Descreveu o "teto de vidro" como mecanismos invisíveis que bloqueiam a ascensão das mulheres a posições sénior, levando-as muitas vezes a abandonar a política. Os partidos tratam essas conquistas como triunfos da igualdade em vez de normas, com os media a dar-lhes destaque excessivo. Ao chegar à liderança em meio a crises — o "precipício de vidro" —, as mulheres enfrentam pressão acrescida. Varela apontou a remodelação do Partido Socialista (PSOE) pelo primeiro-ministro espanhol Pedro Sánchez, que colocou cinco mulheres em cargos de topo, incluindo a valenciana Rebeca Torró como secretária de organização. Sánchez apresentou-a como um impulso para a igualdade e renovação, mas ela disse que as lançou no tumulto partidário, desafiando-as a reconstruir a confiança e provar que a sua liderança traz mudanças substanciais para além da paridade simbólica.

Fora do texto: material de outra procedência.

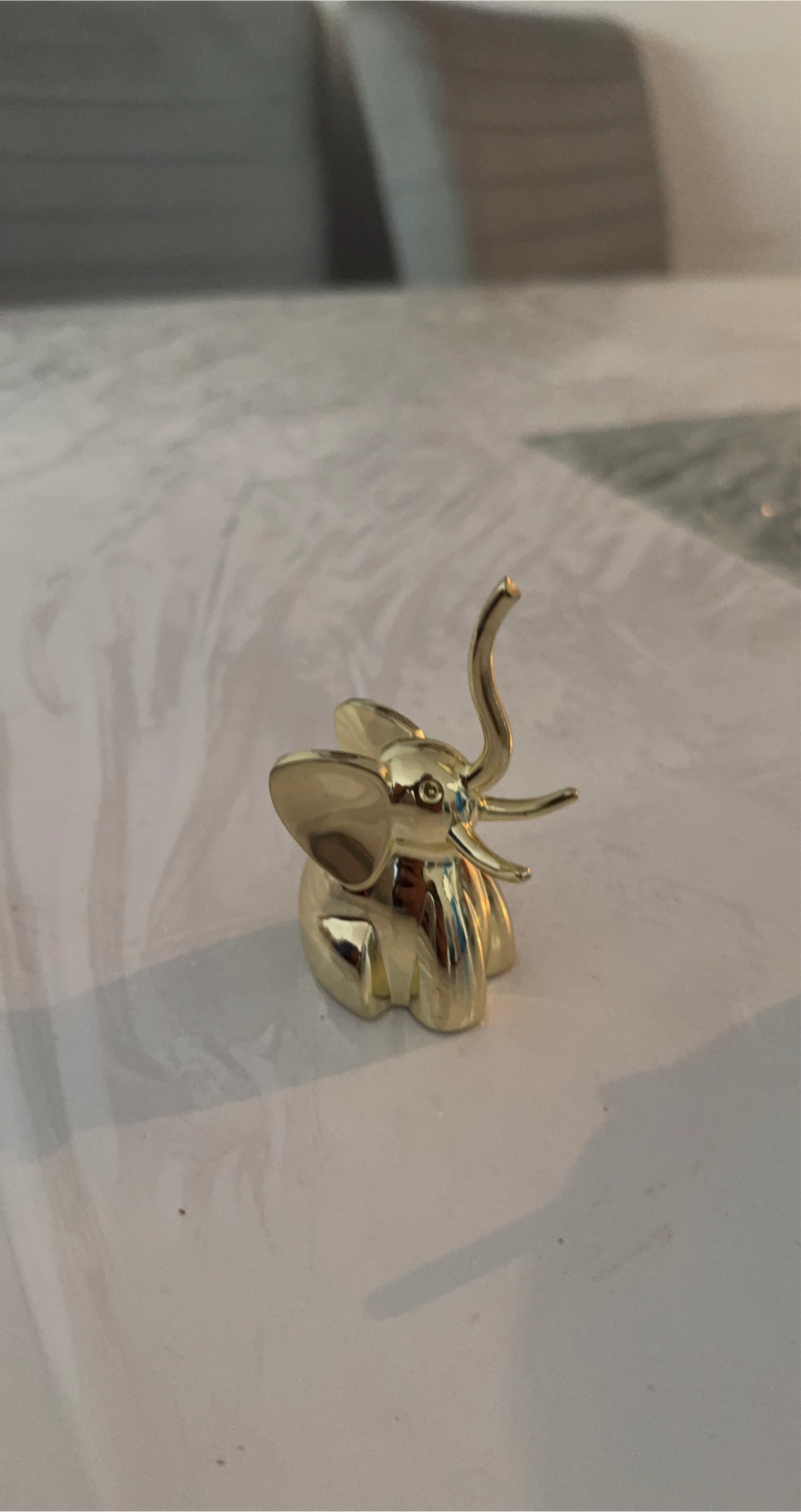 A cute little gold elephant figurine! Perfect for adding a touch of whimsy to any room

Comparou isto à vice-presidente norte-americana Kamala Harris, que se tornou a candidata presidencial democrata após a saída de Joe Biden, herdando uma campanha em dificuldades. Varela cunhou "terreno pegajoso" para as dificuldades que as mulheres enfrentam ao passar da vida privada para a política, agravadas pelas exigências de reconciliação familiar. A paridade formal em listas ou executivos, argumentou, não garante influência real nem transformação.

Varela abordou também a violência política destinada a dissuadir as mulheres de participarem, que se intensificou recentemente, juntamente com os custos pessoais e profissionais de altos cargos. Estes temas surgem no seu livro, inspirado na série dinamarquesa *Borgen*, com a primeira-ministra Birgitte Nyborg (Sidse Babett Knudsen), que uma vez lidou com uma disputa petrolífera na Gronelândia como ministra dos Negócios Estrangeiros — paralelo aos problemas atuais da primeira-ministra dinamarquesa Mette Frederiksen.

Antes do evento, a secretária-geral do Instituto da Mulher de Andorra disse que o livro de Varela a inspirou a rever a série, uma opinião partilhada por muitos participantes.